Nachdem über Pfingsten mehr als 50 Jugendliche im Michaelibad immer wieder für Ärger sorgten, war man dort an diesem Wochenende besser vorbereitet. Das Personal wurde aufgestockt.

Zivilpolizisten in Badehose am Beckenrand

Die Polizei schickte Streifen und Zivilbeamte, die in Badeklamotten vom Beckenrand aus die Lage im Auge behielten. Abgesehen von kleineren Störungen, weil einigen Badegästen die Sonne oder vielleicht auch der Alkohol zu Kopf gestiegen war, blieb es weitgehend ruhig im Michaelibad. "Uns liegen keine Meldungen über Störer vor", sagte Polizeisprecherin Claudia Künzel am Sonntag.

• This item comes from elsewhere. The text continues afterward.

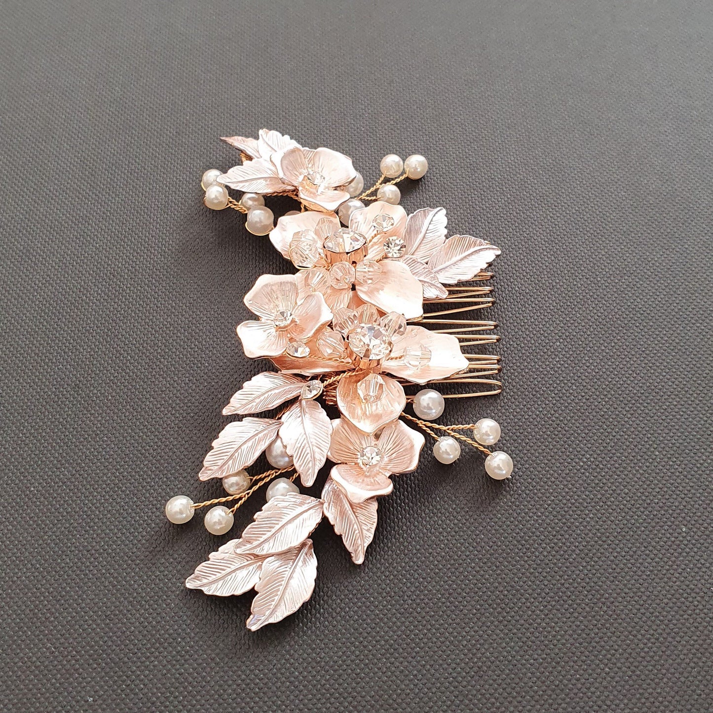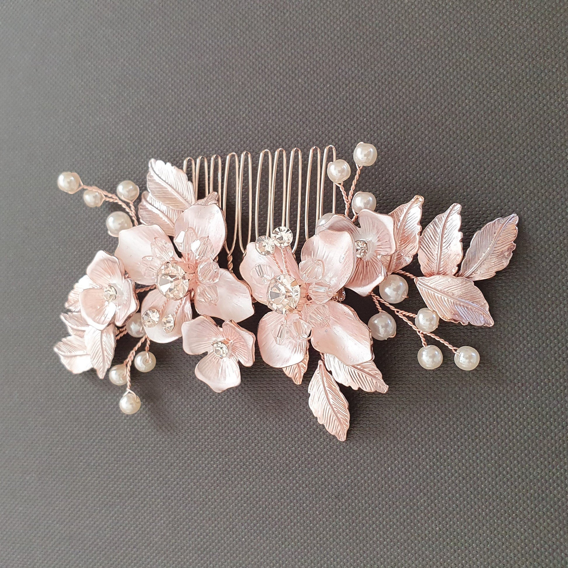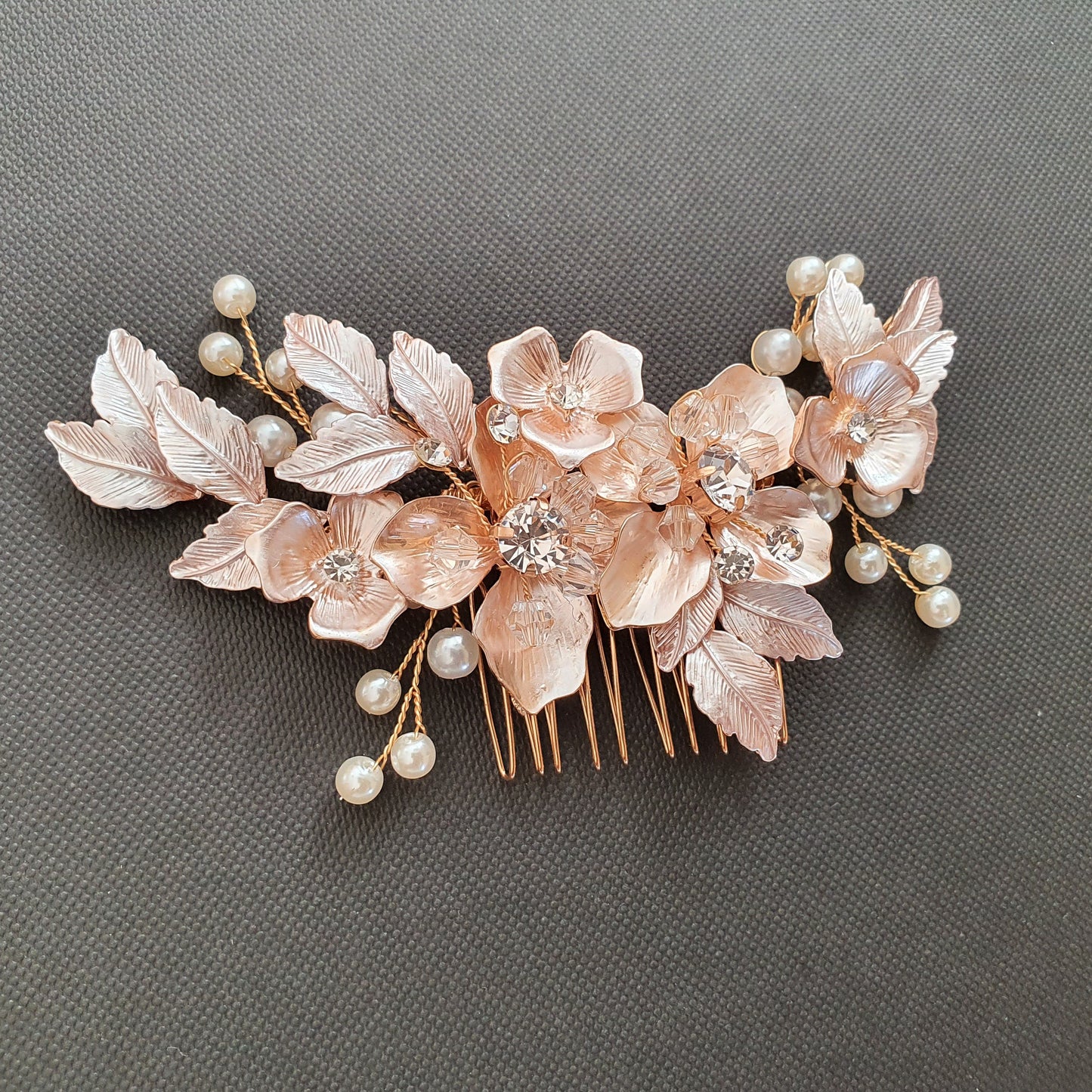 This bridal hair comb can be easily combined with other silver wedding day jewelry, It can easily flow with your plain or floral-patterned wedding dresses. The bridal hair comb can be purchased in three tones of silver, gold, and rose gold tones to suit and match your style.

Über die Pfingstfeiertage gab es dagegen mindestens fünf Polizeieinsätze im Michaelibad, weil Jugendliche herumgepöbelt oder sich geprügelt hatten. Manche versuchten, sich gegenseitig zu provozieren. Als sich Badegäste über das Benehmen beschwerten, wurden sie von den Teenagern angepöbelt und beschimpft.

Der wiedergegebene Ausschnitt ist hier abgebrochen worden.